Adelaide after 30 years away. I do like this city – manageable, navigable, humane, good-natured. Feeling some sense of special occasion, the heart's hidden calendar of beginnings and endings, anniversaries, dates treasured by the soul – it was here, three decades ago, that everything started for us, two gypsies with their collie dogs.
Friday's arrival and Sipra whisks us from what has to be the best, most spacious airport on the planet to the spacious and popular Joy-Discovery vegetarian café in the city for some nourishment – then on to the Centre and a quiet evening.
Waking up early Saturday – outside the dawn gaiety of kookaburras, their parody chortlings and chucklings, caroling magpies and the frenetic cries of parakeets hurtling through the boughs of eucalypts in aerial pursuit, their screechings like pumice scraped over glass. Up into the Adelaide hills, a long slow run at sunrise. "Carry water", warns a sign, and "watch for snakes". From up here, vistas of the sprawling city, huge plains, further away the blue meadows of sea. Fragrance of gum trees and the pale orange earth, summer’s redolence.
Thirty-five people come to Saturday's workshop, all very nice. I tell them the Narada/Vishnu story, 'where is my glass of water?' – its wake up time, remember who we are, why we are really here – and we all laugh at this delightful story. How quickly we find the common things we share, the barriers tumbling down. On Sunday nearly all come back and twelve elect to try the path as disciples. 'Teaching meditation' is a misnomer – it's more a remembering through silence.
We gather on Saturday evening at a Thai restaurant. The disciples are most interesting – two Persian professors, an artist, business managers, enterprise workers, all with interesting stories and remarkable meditation stories. They have a sense of assurance in their connection with Guru, a solidity and maturity undisturbed by the outer world in which they work. New friends to like and to seek out in future.
Monday morning, 2:00am – a loud bang, the house trembles, sitting suddenly bolt upright in bed. A fallen tree, a break-in? Outside a storm is raging, foliage pelting down on to the roof, the tall branches of the gum trees flailing like scimitars. At dawn I find a thigh thick spear of eucalyptus has plowed through the tile and timber roof and ceiling and ended two feet away from my head. Plaster and broken cornice litters the floor – a close shave.

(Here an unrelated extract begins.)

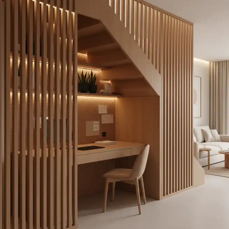 Designed for deep focus, this concept uses vertical wooden s...

Prior to my afternoon departure Januja and Chakori drive me up to Hahndorf in the hills, a visit to their most beautiful gift store/florist/gallery – Rainbow Heart-Sky. Most stunning, full of beauty and light. Januja slips next door to the deli and buys a big bag of snacks for the plane trip, a gift or two are placed in my bag. Everywhere generous hearts in this starting place of my own journey. My profound thanks to Sipra and her wonderful team for these four most rewarding and happy days.